Послушать рассуждения наших благочестивых американцев об ужасах рабовладельческой системы и о том, как мы воевали за освобождение негров, — так можно, пожалуй, поверить, что в Америке очень любят негров. Не верьте, все пустое! Хотя конгресс северян на заседании 2 марта 1867 года и пытался установить на Юге всеобщее избирательное право для всех лиц мужского пола без исключения, а в 1875 году провел закон, воспрещающий дискриминацию в отношении негров в гостиницах, ресторанах, театрах и других общественных местах, законы эти, имевшие главным образом в виду Южные штаты, нисколько не отразились на положении негров ни на Севере, ни на Юге. В самом деле, стоит в каком-нибудь квартале любого американского города поселиться негру, как белые жители бегут оттуда. Пусть это будет достойнейший человек, — а я знаком с неграми, заслуживающими всяческого уважения, — все равно его не станут терпеть даже в церкви, а его детям будет закрыт доступ в школы, где учатся дети белых. И положение не только не улучшается, оно год от году становится хуже. Почти не проходит дня, чтобы где-нибудь в Соединенных Штатах не сжигали негра живьем. Американцы сражались и проливали кровь за своих черных братьев, однако они предпочитают держаться от них подальше. Когда в 1917 году в Ист-Сент-Луисе забастовали рабочие и предприниматели, чтобы сломить забастовку, решили прибегнуть к черному труду, 117 негров было убито, их дома сожжены, их жены и дети изгнаны из города. Где-то на крайнем Юге негр позволил себе задеть шерифа, — и сам он и вся его семья были убиты, чтобы другим неповадно было. Американцы и поныне не знают, что делать с неграми, вернее, с так называемой «негритянской опасностью». Они предпочитают забывать об этой проблеме, надеясь, по-видимому, что время или случай подскажут решение. Вопрос — хотят ли американцы ужиться с неграми?

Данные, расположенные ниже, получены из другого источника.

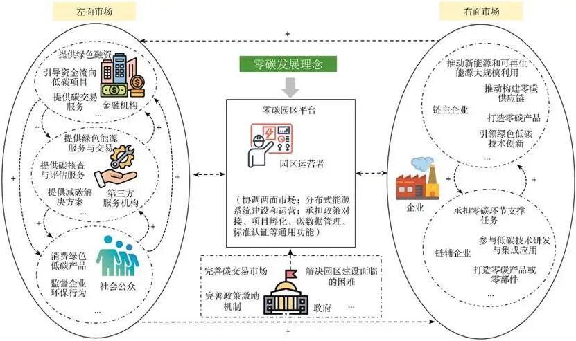 右側(cè)的理念實(shí)現(xiàn)市場(chǎng)由鏈主企業(yè)與鏈輔企業(yè)構(gòu)成。鏈主企業(yè)具備資源集聚與系統(tǒng)轉(zhuǎn)型能力,是園區(qū)綠色低碳能源替代、低碳制造升級(jí)與綠色供應(yīng)鏈重塑的主導(dǎo)力量,其回報(bào)體現(xiàn)為政策激勵(lì)、市場(chǎng)占有率提升與品牌聲譽(yù)增強(qiáng)。鏈輔企業(yè)則在零碳技術(shù)研發(fā)、零碳產(chǎn)品(零部件)供給和專業(yè)化配套方面發(fā)揮靈活性優(yōu)勢(shì),增強(qiáng)園區(qū)綠色供給的多樣性與適應(yīng)性,進(jìn)而獲得技術(shù)溢出效應(yīng)與新興市場(chǎng)空間。在企業(yè)間協(xié)作方面,鏈主企業(yè)通過(guò)共建產(chǎn)業(yè)聯(lián)盟、聯(lián)合技術(shù)攻關(guān)形成協(xié)同引領(lǐng)格局;鏈輔企業(yè)之間則通過(guò)共享設(shè)施、互補(bǔ)技術(shù)與聯(lián)合采購(gòu)提升資源配置效率;鏈主企業(yè)與鏈輔企業(yè)之間通過(guò)標(biāo)準(zhǔn)聯(lián)動(dòng)與產(chǎn)業(yè)鏈協(xié)同推動(dòng)減排責(zé)任共擔(dān)與創(chuàng)新成果轉(zhuǎn)化,最終構(gòu)建出一個(gè)互嵌互動(dòng)、共生共贏的零碳產(chǎn)業(yè)生態(tài)網(wǎng)絡(luò)。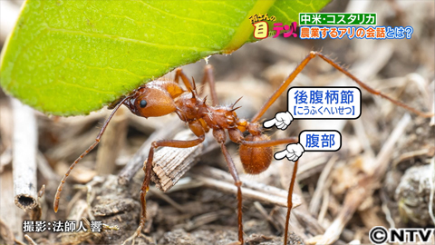 ハキリアリについて研究している九州大学の村上貴弘先生に聞いてみると、「ここにいい葉っぱがある」と、他のアリたちに教えているといいます。

Но вернемся к уже возникавшему здесь разговору об эксплуатации, которой подвергает рядового американца свора праздных, алчных и лживых богачей, и посмотрим поближе, как эти соотечественники живут и уживаются рядом, в одной стране. С тех пор как некий житель колониальной Америки вписал в Декларацию независимости, что люди свободны и равны от рождения, что человеку принадлежит неотъемлемое право на жизнь, свободу и счастье и что никто в Америке, да и во всем мире, не должен посягать на это право, с тех самых пор американец варится в котле противоречий — противоборствующих общественных и химических сил, от которых и сам он внутренне не свободен. Борясь за жизнь, в поисках свободы и счастья, он приходит в столкновение с интересами своих сограждан, ищущих того же, что и он, и убеждается, что, невзирая ни на какую Декларацию независимости, сильные, жестокие и хитрые преуспевают у нас так же, как и повсюду, и постоянно измышляют все новые козни против благосостояния, счастья и спокойствия своих сограждан, стремясь построить на их несчастии свое собственное благополучие.

Вот несколько примеров:

1) В 1919 году федеральный суд признал, что, хотя конгресс и запретил (в 1918 г.) детский труд в хлопчатобумажной промышленности, это постановление конгресса противоречит конституции, а следовательно, разрешается принимать на работу детей с десятилетнего возраста. В результате сотни тысяч малолетних рабочих вернулись на фабрики, где им приходится простаивать у машин по одиннадцати часов в сутки.

2) Судья Гумир в штате Нью-Джерси вынес (в 1900 г.) определение, что жизнь ребенка, пострадавшего во время железнодорожной катастрофы (это распространяется и на городской транспорт), оценивается всего лишь в один доллар, так как он еще не приносил дохода своим родителям.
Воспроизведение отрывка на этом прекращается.